**WHAT YOU HAVE TO DO:**
Please write out only the lines from the one containing "The décor of" through the last line of the listing. Do not include pictures.

**SOURCE MATERIAL:**
:::

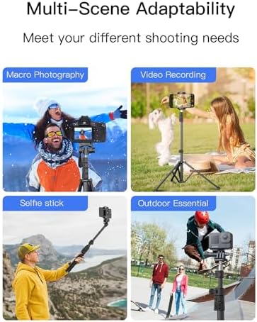 Extendable Tripod: Our aluminium alloy tripod offers adjustable legs, it can extend from 17 to 67 inches, allowing you to set the desired height for the perfect angle and composition. Extend or retract the tripod legs to adapt to various shooting environments and achieve the ideal stance
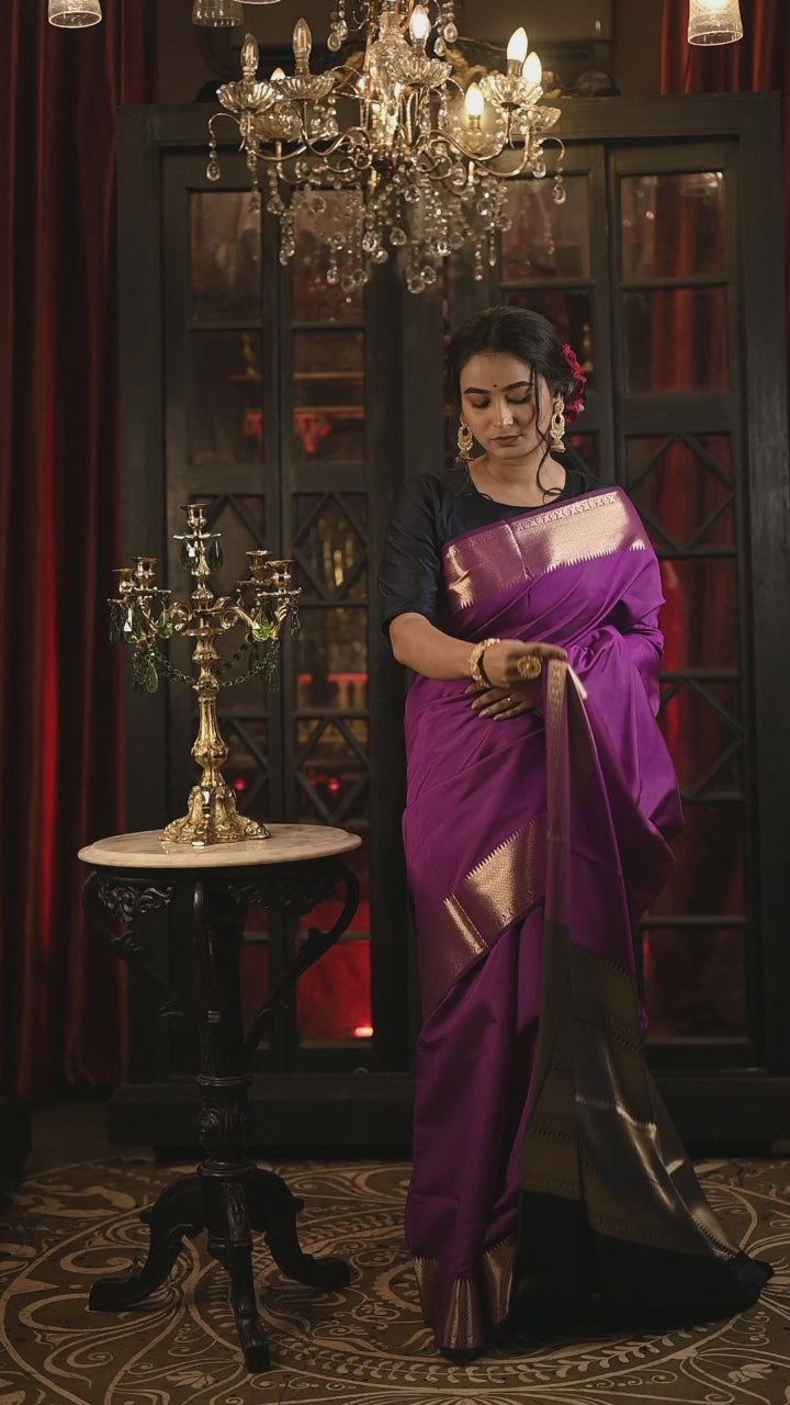 Amita || Purple Plain Body-Brocade Border Soft Katan Banarasi Saree with Navy Blue & Matte Gold Brocade Pallu
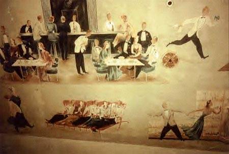 The décor of the cocktail lounge ceiling remained untouched - decorated with animated cartoons seemingly right out of New Yorker magazine - depicting life at sea in the 1930´s.
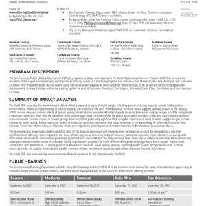 Availability of draft Program Environmental Impact Report for the San Francisco Public Utilities Commission's water system improvement plan: public notice

:::

**RESULT:**
 The décor of the cocktail lounge ceiling remained untouched - decorated with animated cartoons seemingly right out of New Yorker magazine - depicting life at sea in the 1930´s.
 Availability of draft Program Environmental Impact Report for the San Francisco Public Utilities Commission's water system improvement plan: public notice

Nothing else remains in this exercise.